» The task:
Only one span is wanted from the lines below: from the one with "NUMERIC数据类型与DECIMAL数据类型完全等价。" up to and including the one with "compridas. Gola redonda.". Copy it exactly, without images.

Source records
==*==
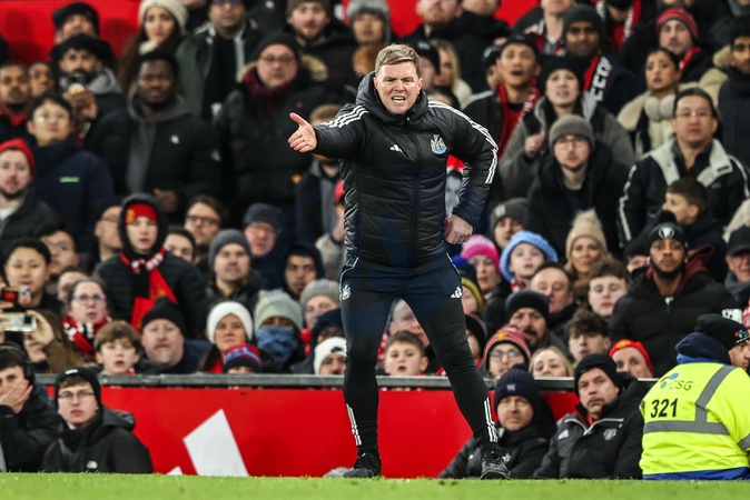 Eddie Howe manager of Newcastle United gives his team instructions during the Premier League match Manchester United vs Newcastle United at Old Trafford, Manchester, United Kingdom, 26th December 2025, Credit:Ae Cosgrove/News Images / Avalon
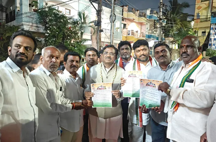 సిద్దిపేట రూరల్: బీఆర్ఎస్ మోసాలను ప్రజల్లోకి తీసుకెళ్లాలని, తెలంగాణ అభివృద్ధి కాంగ్రెస్ తోనే సాధ్యమని రాష్ట్ర కార్మిక, మైనింగ్ శాఖమంత్రి గడ్డం వివేక్ వెంకట స్వామి అన్నారు. ఆదివారం కాంగ్రెస్ పార్టీ సీనియర్ నాయకుడు, బుస్సాపూర్ మాజీ సర్పంచ్ కేదారి సదాశివ రెడ్డి రూపొందించిన బీఆర్ఎస్ డోకా కార్డును హైదరాబాద్ లో మంత్రి వివేక్ ఆవిష్కరించారు. ఉద్యమ సమయంలో బీఆర్ఎస్ ఇచ్చిన హామీలు, తెలంగాణ ఏర్పడిన తర్వాత కేసీఆర్ సీఎం హోదాలో ఇచ్చిన హామీలు ఏ రకంగా తుంగలోతొక్కి ప్రజలను మోసం చేసి డోకా ఇచ్చారో వివరిస్తూ డోకా కార్డును రూపొందించిన ట్లు సదాశివరెడ్డి తెలిపారు. వారు ఇచ్చిన హామీలు నెరవేర్చకుండా రాష్ట్రన్ని అప్పులకుప్పగా మార్చి, వారు మాత్రం ఆస్తులు పెంచుకున్నారని ఆరోపించారు.
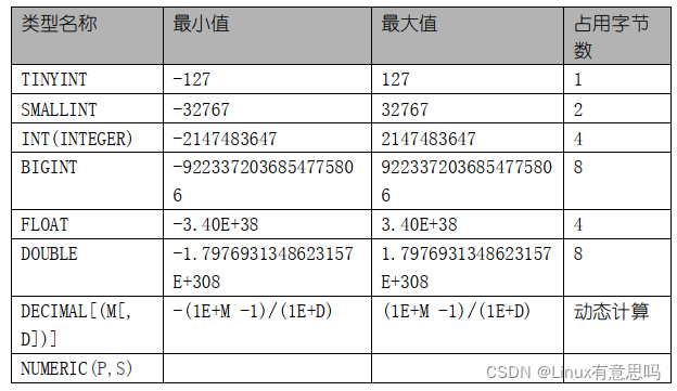 NUMERIC数据类型与DECIMAL数据类型完全等价。
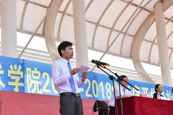 最后,张洪福副院长代表学院讲话,表达了学院对 2017 级新生的期许与祝福,希望新生们志存高远、乐观笃学、遵规守纪、心胸坦荡、锤炼意志,并希望新生们珍惜这宝贵的学习机会,严于律己、诚信做人、不负重望、早日成材。
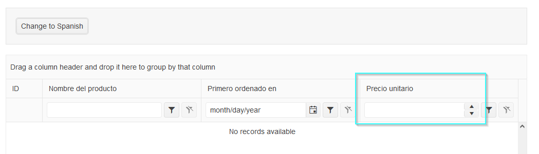 The way we can set the Globalization/Localization functionality of the native and Wrapper Grid is different. A good example of how we can change the languages and data formatting in the Native Grid is our overview demo. In it, you can see how we can switch between three English, French, and Spanish languages/culture.
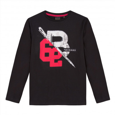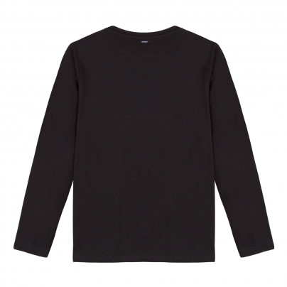 • Pormenores: Camisola com gráfico vermelho e branco, fundo preto. Mangas compridas. Gola redonda.
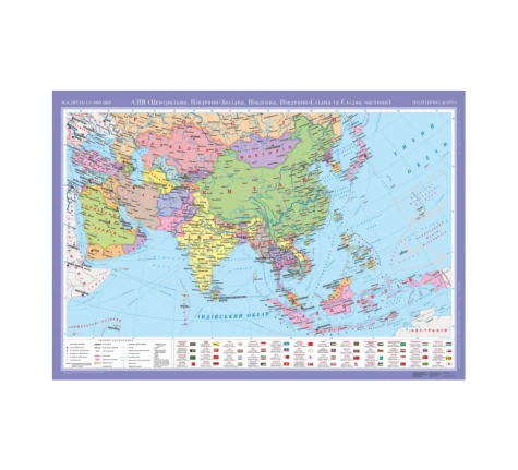 Все про товар Світ. Азія (Центральна, Південно—Західна, Південна, Південно—Східна та Східна частини). Політична карта. М—б: 1:8 000 000 (картон на планках)
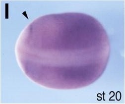 sostdc1 expression (sclerostin domain containing 1) assayed through in situ hybridization Xenopus laevis embryo, NF stage 20, dorsal view, anterior to the left.
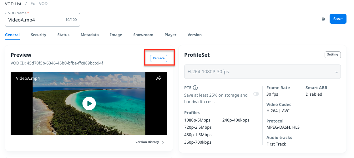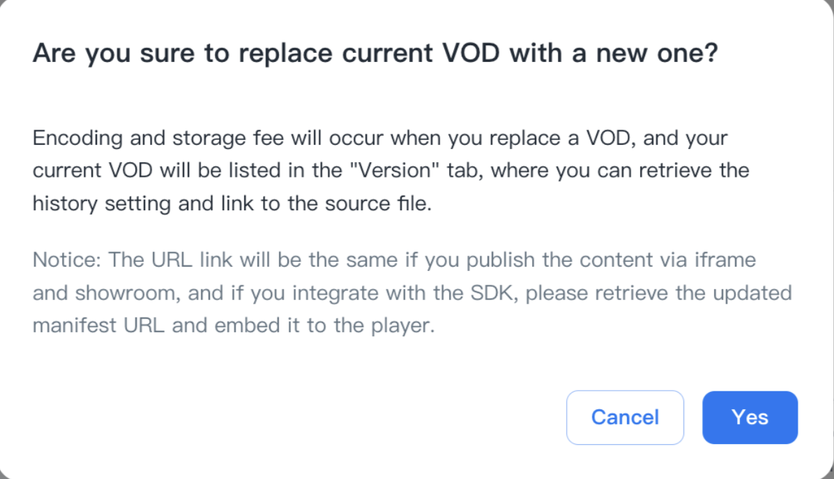 This feature allows users to replace the existing VOD to a new one without switching to a new VOD ID or URL. Therefore, it is more convenient and flexible to perform VOD replacement.
==*==
» Result of the exercise:
 NUMERIC数据类型与DECIMAL数据类型完全等价。
 最后,张洪福副院长代表学院讲话,表达了学院对 2017 级新生的期许与祝福,希望新生们志存高远、乐观笃学、遵规守纪、心胸坦荡、锤炼意志,并希望新生们珍惜这宝贵的学习机会,严于律己、诚信做人、不负重望、早日成材。
 The way we can set the Globalization/Localization functionality of the native and Wrapper Grid is different. A good example of how we can change the languages and data formatting in the Native Grid is our overview demo. In it, you can see how we can switch between three English, French, and Spanish languages/culture.
 • Pormenores: Camisola com gráfico vermelho e branco, fundo preto. Mangas compridas. Gola redonda.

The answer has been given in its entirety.